Minimal Residual Disease or MRD is a common term used in CLL treatment and it can be tested from bone marrow and/or blood. It is often determined by an intricate blood test called flow cytometry. You can test up to 4 million events for more accuracy. It tests if cancer cells can be found during or post treatment. 10000, 100000 or 1 million cells can be tested. For 1 million you need another method of testing. It is a good source to test treatment success. As long as there are CLL cells in the blood there are also some in the marrow. So it does not always make sense to do a bone marrow biopsy. MRD has a different significance in each type of leukemia.

After reaching uMRD (the u stands for “undetectable”), which means in January 2018 I was without medication for 30 months. But then my doctor suspected that the Epstein Barr Virus caused some cancer cells to reoccur which might have hijacked my red blood cells too and my CLL disease returned. So I was advised to go on a twofold treatment Obinutuzumab and Venetoclax.

After Obinutuzumab was started I had to fight a bacterial infection Staphylococcus epidermidis which was treated with high dose antibiotics but I stayed on Obinutuzumab treatment anyway. Later Venetoclax was added and I achieved uMRD again in March 2021 after 6 months of treatment.

However this time they tested 100,000 cells and measured almost 4 million cells for more accuracy. 4 cells with the classical phenotype were found. So my doctors said I should stay on Venetoclax to get a deeper remission. I think this will not take long. But the question remains when you relapse you are supposed to take the drug for 2 years. The Murano study with another drug called Rituximab shows the trial results of this.

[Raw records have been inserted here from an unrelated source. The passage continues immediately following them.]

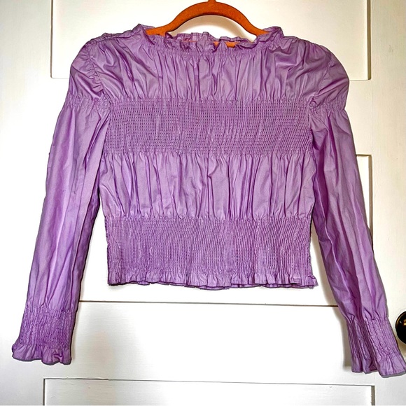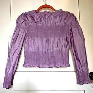 Beautiful lavender ruched top with long sleeves, ruffled boatneck and ruching on bodice and sleeves. Your little fashionista will love it! New without tags, never worn.
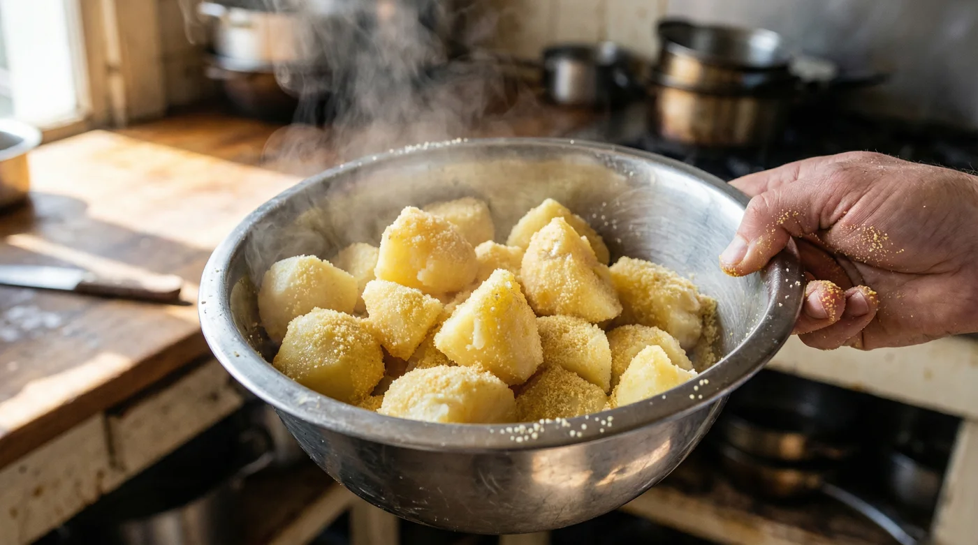 | The Drying Phase | A thoroughly steam-dried, matte surface before tossing. | Wet, glistening potatoes that will turn the semolina into a heavy sludge. |
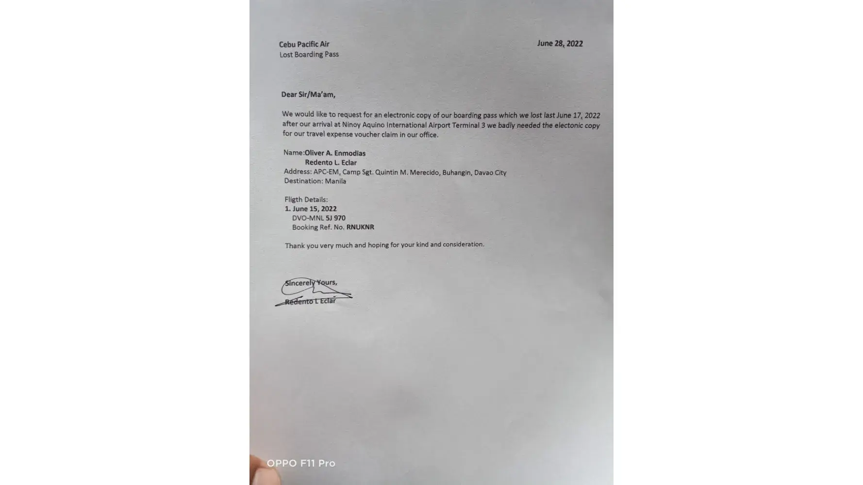 Sir/ Maam, can I request for a copy of my boarding pass for the flight I took or travel certificate to be a proof that I boarded for the said flight This will be used for the reimbursement of the airfare and other travelling expenses.
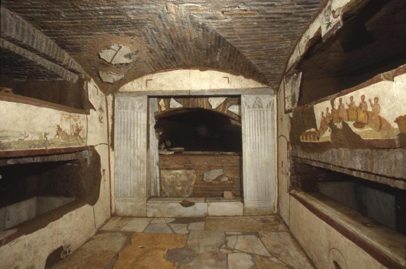 Il termine catacombe, invece, comincia a essere attestato solo nel Medioevo, derivando dall’antico toponimo «ad catacumbas», «presso le cavità», con cui era identificata la località al III miglio della via Appia, sede della memoria degli apostoli Pietro e Paolo e poi della sepoltura di S. Sebastiano ed altri martiri. Quello amministrato da Callisto era dunque «Il Cimitero» per antonomasia, la necropoli ufficiale della Chiesa di Roma, sede di ben 16 tombe di papi, dislocate nel sottosuolo della catacomba e negli edifici di superficie. Cascianelli ha messo a frutto anche le sue recenti ricerche presso la sepoltura di Callisto, che per varie ragioni storiche fu deposto al III miglio della via Aurelia vetus in quello che successivamente prenderà il nome di cimitero di Calepodio.
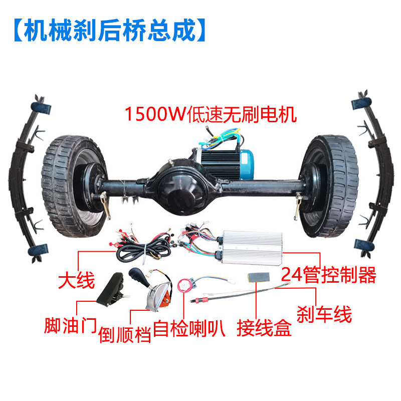 1吨型电动车后桥总成全套 配件大全 四轮车前桥转向方向盘电机改装

I wonder what benefit the Venetoclax would have after reaching a very deep remission. But there is the danger of developing multiple mutations in BCL2. So I am trying to evaluate my situation.

What effect does Venetoclax have on healthy blood cells if no cancer cells are detectable?

I stopped drugs in Jan 2018 because of uMRD but I also had kidney failure and a fatty liver stage 2. My organs are back to normal now. But this time it is a different situation. My iGs were low in 2018 and 2019 now igM is in normal range. My bcells are scarce only 0.12%..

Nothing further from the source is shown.